An r of 0.998 indicates a near-perfect positive linear relationship. As gene A increases, gene B increases proportionally.

Interpreting correlation coefficients:

r value	Interpretation
0.9 to 1.0	Very strong positive
0.7 to 0.9	Strong positive
0.4 to 0.7	Moderate positive
0.0 to 0.4	Weak or no correlation
-0.4 to 0.0	Weak or no correlation
-0.7 to -0.4	Moderate negative
-1.0 to -0.7	Strong negative

Spearman rank correlation

Measures monotonic relationships (not necessarily linear). More robust to outliers:

# Spearman (rank-based, for non-linear relationships)
let rho = spearman(gene_a, gene_b)
println(f"Spearman rho: {round(rho.statistic, 3)}")
println(f"Spearman p-value: {rho.pvalue}")

Expected output:

Spearman rho: 1.0
Spearman p-value: 0.0

Spearman works by converting values to ranks first, then computing Pearson r on the ranks. It detects any monotonic relationship, even if the relationship is curved.

Kendall tau

Another rank-based measure, often preferred for small sample sizes:

# Kendall tau
let tau = kendall(gene_a, gene_b)
println(f"Kendall tau: {round(tau.statistic, 3)}")
println(f"Kendall p-value: {tau.pvalue}")

Expected output:

Kendall tau: 1.0
Kendall p-value: 0.0

Which correlation to use:

Pearson: When the relationship is linear and data are normally distributed
Spearman: When the relationship might be non-linear, or data have outliers
Kendall: For small samples or when many values are tied

Warning: Correlation does not imply causation. Two genes may be correlated because they are both regulated by a third factor, or because they respond to the same environmental condition.

Linear Regression

Regression goes beyond correlation: it builds a predictive model. “If gene A’s expression is 5.0, what do we predict gene B’s expression to be?”

# Simple linear regression: does gene A predict gene B?
let x = [1.0, 2.0, 3.0, 4.0, 5.0, 6.0]
let y = [2.1, 3.9, 6.2, 7.8, 10.1, 12.3]

let model = lm(x, y)
println(f"Slope: {round(model.slope, 3)}")
println(f"Intercept: {round(model.intercept, 3)}")
println(f"R-squared: {round(model.r_squared, 3)}")
println(f"p-value: {model.pvalue}")

Expected output:

Slope: 2.046
Intercept: -0.01
R-squared: 0.999
p-value: 0.0

Interpreting the output:

Slope = 2.046: For every 1-unit increase in x, y increases by about 2.05.
Intercept = -0.01: When x = 0, the predicted y is approximately 0.
R-squared = 0.999: The model explains 99.9% of the variance in y.

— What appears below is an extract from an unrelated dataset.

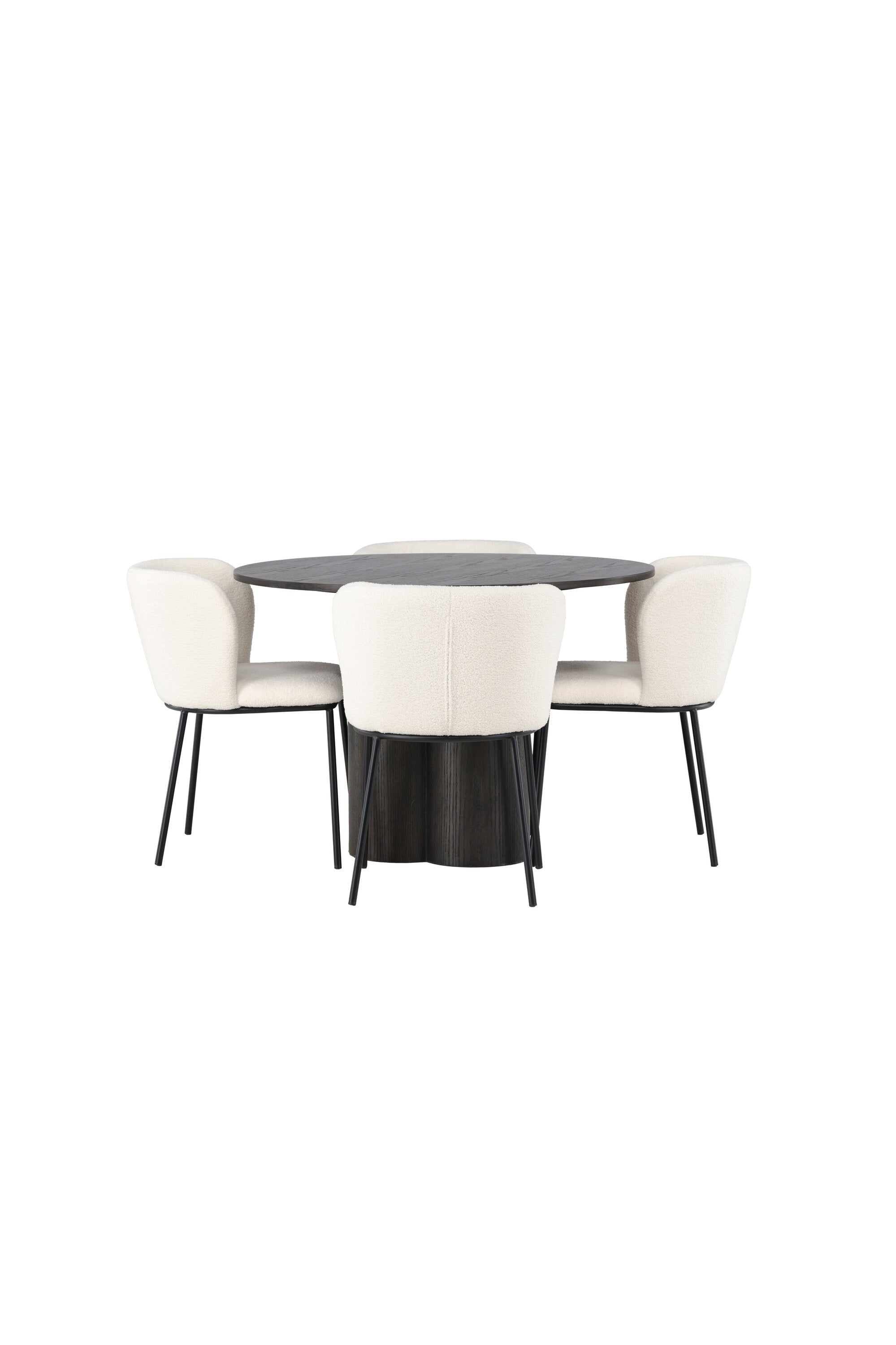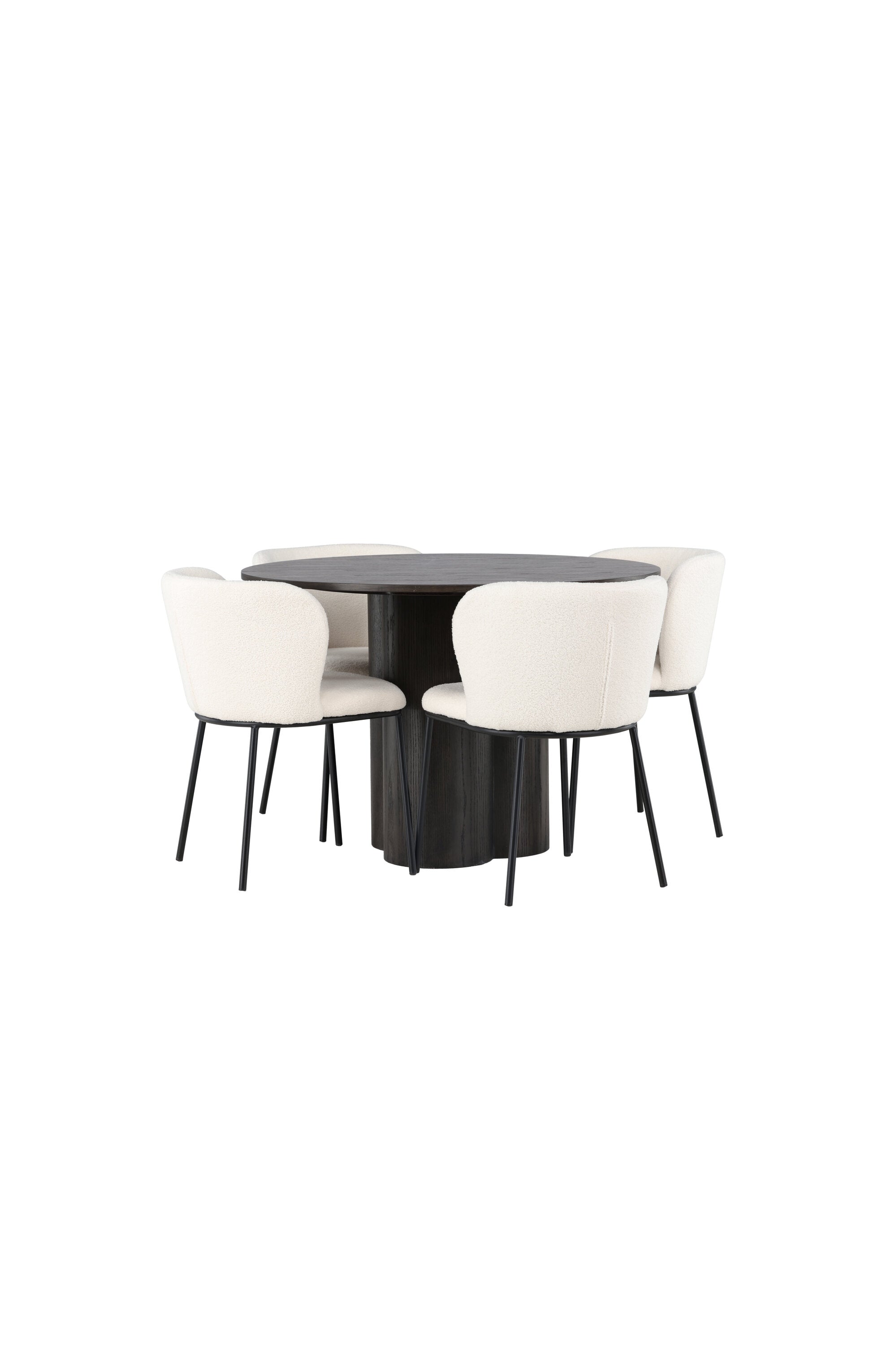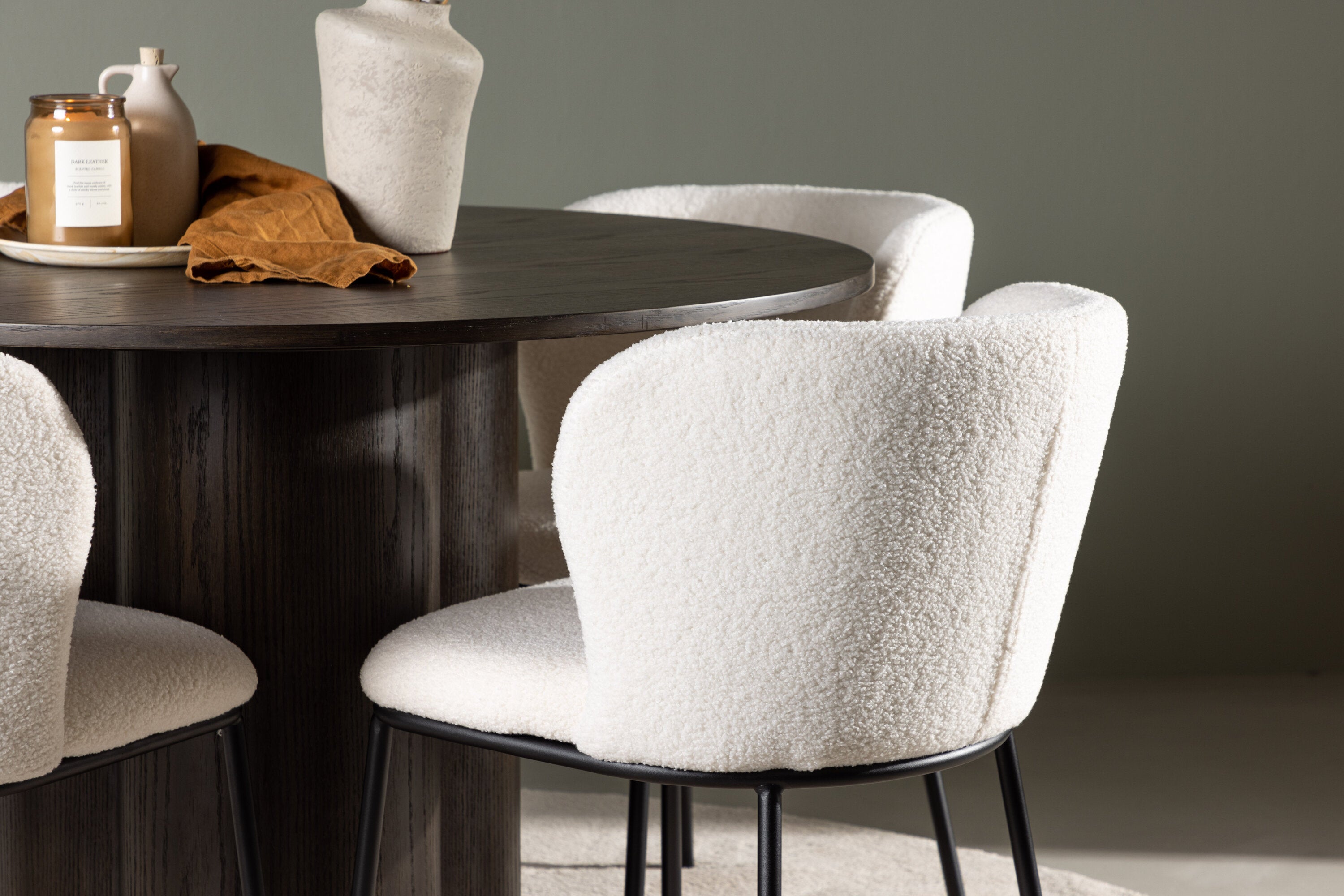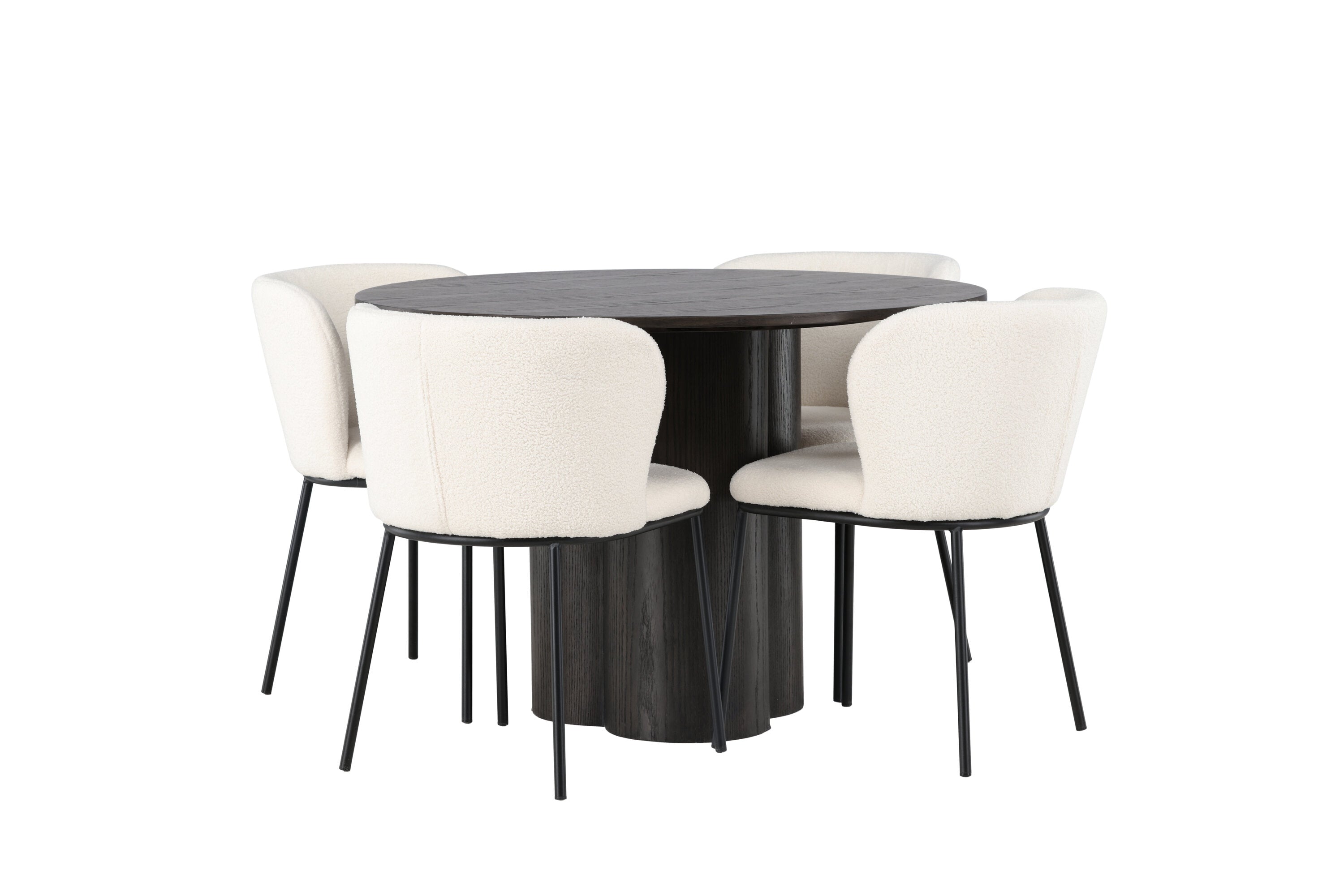 Jídelní stůl Olivia - Mocca / Mocca Dýha + Jídelní židle Edina - Černá / Bílá Boucle _4

Values closer to 1.0 indicate a better fit.
p-value: Tests whether the slope is significantly different from zero. Here it is essentially zero, confirming a strong relationship.

Example: predicting drug response from expression

# Gene expression vs drug sensitivity (IC50)
let expression = [1.5, 3.2, 4.8, 6.1, 7.9, 9.5]
let ic50 = [85.0, 72.0, 58.0, 45.0, 31.0, 18.0]

let model = lm(expression, ic50)
println(f"Slope: {round(model.slope, 3)}")
println(f"R-squared: {round(model.r_squared, 3)}")
println(f"p-value: {model.pvalue}")

Expected output:

Slope: -8.357
R-squared: 0.999
p-value: 0.0

The negative slope tells us that higher expression of this gene predicts lower IC50 (greater drug sensitivity). This kind of analysis is the foundation of pharmacogenomics.

Multiple Testing Correction (Critical for Genomics)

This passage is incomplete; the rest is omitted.